> _WHAT YOU HAVE TO DO_: Using the records below, transcribe word for word the stretch from the line that contains "- 馥澄美容美體Fu-Cheng Spa" through the line that contains "- Виріб має", both end lines included, and nothing else.
*** Opening DATA LISTING ***
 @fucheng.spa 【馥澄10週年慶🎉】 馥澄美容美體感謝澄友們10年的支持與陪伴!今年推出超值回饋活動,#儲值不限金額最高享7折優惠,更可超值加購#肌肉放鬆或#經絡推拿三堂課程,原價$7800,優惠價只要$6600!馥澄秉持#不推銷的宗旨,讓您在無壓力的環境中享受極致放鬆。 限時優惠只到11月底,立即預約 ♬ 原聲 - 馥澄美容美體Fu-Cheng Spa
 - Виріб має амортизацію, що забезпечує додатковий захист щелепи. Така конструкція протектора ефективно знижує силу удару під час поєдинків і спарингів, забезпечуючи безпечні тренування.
*** Closing DATA LISTING ***
*** Opening DATA LISTING ***
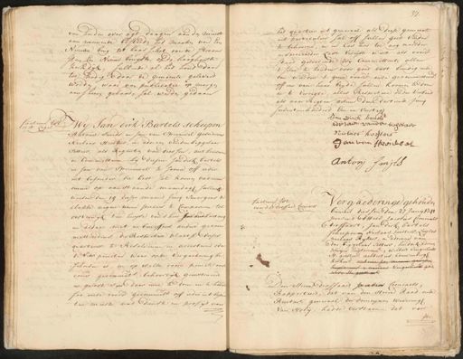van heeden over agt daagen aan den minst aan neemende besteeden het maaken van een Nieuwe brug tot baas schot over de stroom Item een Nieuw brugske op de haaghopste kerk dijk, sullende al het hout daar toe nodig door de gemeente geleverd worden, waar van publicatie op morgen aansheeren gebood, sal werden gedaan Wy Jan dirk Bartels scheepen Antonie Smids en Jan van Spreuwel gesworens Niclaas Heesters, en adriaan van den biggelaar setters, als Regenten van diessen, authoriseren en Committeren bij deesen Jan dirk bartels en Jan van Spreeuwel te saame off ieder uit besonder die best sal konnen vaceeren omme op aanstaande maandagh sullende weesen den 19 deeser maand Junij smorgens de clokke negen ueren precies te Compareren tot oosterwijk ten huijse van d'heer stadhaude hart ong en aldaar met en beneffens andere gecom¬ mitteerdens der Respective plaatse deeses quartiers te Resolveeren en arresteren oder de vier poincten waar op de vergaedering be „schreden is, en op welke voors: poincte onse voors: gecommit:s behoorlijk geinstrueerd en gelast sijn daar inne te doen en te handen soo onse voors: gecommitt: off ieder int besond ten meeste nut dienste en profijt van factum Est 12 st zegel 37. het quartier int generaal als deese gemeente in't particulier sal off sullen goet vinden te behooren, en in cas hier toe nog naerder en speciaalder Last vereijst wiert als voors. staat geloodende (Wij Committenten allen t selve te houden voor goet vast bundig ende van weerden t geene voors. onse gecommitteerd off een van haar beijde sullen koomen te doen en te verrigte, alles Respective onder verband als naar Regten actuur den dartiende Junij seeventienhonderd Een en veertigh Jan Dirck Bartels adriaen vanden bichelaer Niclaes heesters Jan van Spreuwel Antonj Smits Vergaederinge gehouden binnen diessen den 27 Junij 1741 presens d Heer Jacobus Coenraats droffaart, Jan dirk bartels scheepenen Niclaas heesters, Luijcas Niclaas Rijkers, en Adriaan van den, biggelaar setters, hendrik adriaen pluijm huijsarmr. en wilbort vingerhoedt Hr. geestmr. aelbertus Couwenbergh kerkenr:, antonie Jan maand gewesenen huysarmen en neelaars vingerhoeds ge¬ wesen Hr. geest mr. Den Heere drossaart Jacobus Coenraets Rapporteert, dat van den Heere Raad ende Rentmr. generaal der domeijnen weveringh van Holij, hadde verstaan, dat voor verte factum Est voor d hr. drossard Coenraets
*** Closing DATA LISTING ***
> _TASK ANSWER_:
 @fucheng.spa 【馥澄10週年慶🎉】 馥澄美容美體感謝澄友們10年的支持與陪伴!今年推出超值回饋活動,#儲值不限金額最高享7折優惠,更可超值加購#肌肉放鬆或#經絡推拿三堂課程,原價$7800,優惠價只要$6600!馥澄秉持#不推銷的宗旨,讓您在無壓力的環境中享受極致放鬆。 限時優惠只到11月底,立即預約 ♬ 原聲 - 馥澄美容美體Fu-Cheng Spa
 - Виріб має амортизацію, що забезпечує додатковий захист щелепи. Така конструкція протектора ефективно знижує силу удару під час поєдинків і спарингів, забезпечуючи безпечні тренування.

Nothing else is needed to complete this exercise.